• About Us
  • Contact Us

Everything you need to know about AWS Glue | Quick Read

AWS Glue is a fully managed extract, transform, and load (ETL) service that makes it easy for customers to prepare and load their data for analytics. 

AWS Glue can read, write, and process data stored in Amazon S3, Amazon DynamoDB, Amazon Aurora, relational databases such as Amazon Redshift, Apache Hive metastore databases such as Apache Hive or Apache Hadoop Distributed File System (HDFS), and even your on-premises data stores. 

With AWS Glue; you pay only for the time you use the service. There are no upfront commitments or minimum fees.

How AWS Glue Works:

AWS Glue automatically discovers and profiles your data via the Glue Data Catalogue. The Data Catalogue is a central metadata repository that is used to store and maintain information about all the data assets of an organisation.

Data Catalogue

The Data Catalogue contains references to data that is used as sources and targets by AWS Glue ETL jobs and development endpoints. It also stores the structure and schema of your data. 

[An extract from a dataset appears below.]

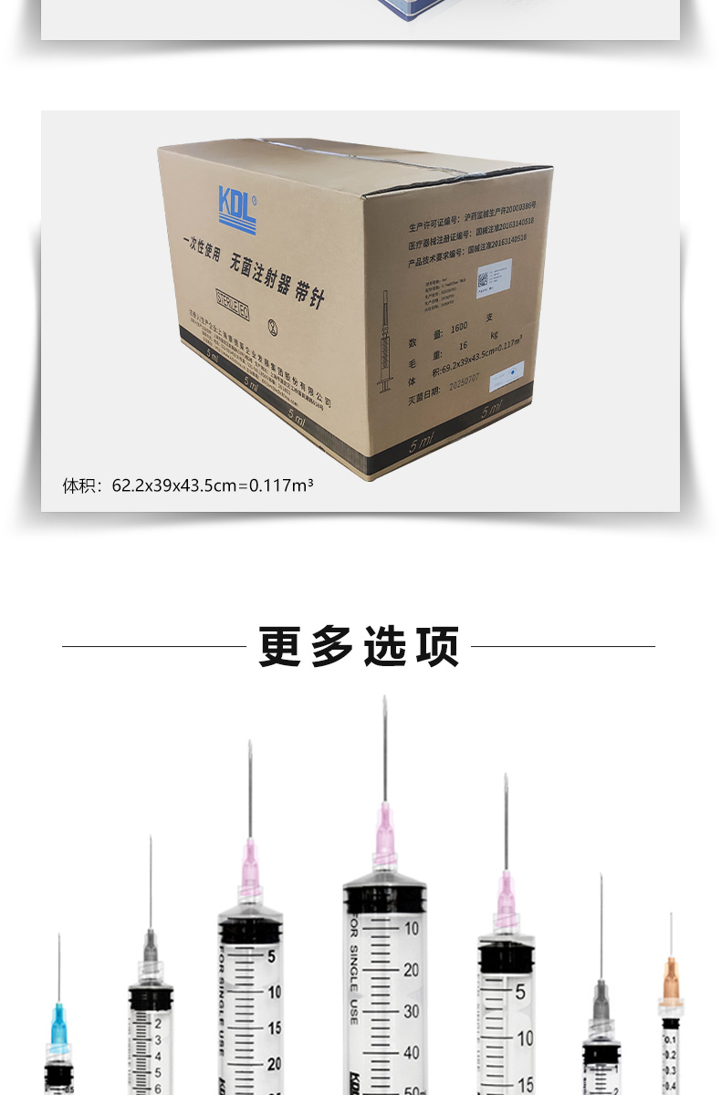 - 多种小包装形式:具备全塑包装、纸塑包装等各种形式,客户可自行选择,带针规格按客户合同

As new data is added to your data stores ⇒ AWS Glue can automatically detect and catalogue it.

To prepare your data for analytics; you can use AWS Glue to transform it into a format that is optimised for analysis. 

With AWS Glue, you can convert your data into columnar Parquet or Apache ORC formats, which are optimised for Amazon Athena, Amazon Redshift Spectrum, and Amazon EMR. 

TIP: You can also compress your data with Gzip or Snappy to reduce storage costs.

How to load data into data stores: 

To load your data into Amazon Redshift, Amazon DynamoDB, Amazon Aurora, or other data stores, you can use AWS Glue to run an ETL job. An ETL job reads data from your source data store, transforms it according to your specifications, and writes the transformed data to your target data store. 

You can also use AWS Glue jobs to prepare and load your data for analytics tools such as Amazon Athena, Amazon EMR, and Amazon Redshift Spectrum.

AWS Glue + AWS Lambda

Build and automate a serverless data lake using an AWS Glue trigger for the Data Catalog
Build and automate a serverless data lake using an AWS Glue trigger for the Data Catalog

AWS Lambda is a serverless compute service that lets you run code without provisioning or managing servers. AWS Lambda executes your code ONLY when needed and scales automatically, from a few requests per day to thousands per second. 

You pay only for the compute time you consume – there is no charge when your code is not running. With Lambda, you can run code for virtually any type of application or backend service – all with zero administration. 

AWS Lambda runs your code on a high-availability compute infrastructure and performs all of the administration of the compute resources, including server and operating system maintenance, capacity provisioning, and automatic scaling. All you need to do is supply your code in the form of one or more Lambda functions.

You can use AWS Glue and AWS Lambda together to build serverless ETL applications.

AWS Glue is integrated with AWS Lambda so that you can easily build serverless ETL jobs. With Lambda integration, you can invoke a Lambda function to perform custom transformations on your data before it is loaded into your data store. 

For example

  • you can use a Lambda function to convert your data from CSV to Apache Parquet format before it is loaded into Amazon S3.
  • you can use a Lambda function to perform custom transformations on your data before it is loaded into your data store. 
  • you can use Lambda to trigger an ETL job in response to events in other AWS services such as Amazon S3 or Amazon DynamoDB.

AWS Glue also provides a flexible scheduling mechanism that can be used to run ETL jobs on a recurring basis. You can schedule jobs to run hourly, daily, weekly, or on any other frequency that you choose. 

AWS Glue can even trigger jobs based on events in other AWS services such as Amazon S3 or Amazon DynamoDB.

Monitoring 

To monitor the progress of your ETL jobs, you can use the AWS Glue console or the AWS Command Line Interface (CLI). The AWS Glue console shows the status of all your ETL jobs in one place. You can also use the AWS Glue CLI to monitor job progress.

AWS Glue is a fully managed service that you can use at no additional charge. There are no upfront commitments or minimum fees. You only pay for the resources that your ETL jobs consume. 

To get started, simply create an AWS Glue Data Catalogue and then use it to run ETL jobs.

Conclusion

AWS Glue is a powerful tool that can help you automate the data ingestion process and improve your data analysis workflows. With its easy-to-use graphical interface and support for multiple programming languages, AWS Glue makes it simple to get your data into shape so you can start analyzing it. If you’re looking for a more efficient way to ingest your data or want to start taking advantage of machine learning algorithms to gain insights from your data, give AWS Glue a try.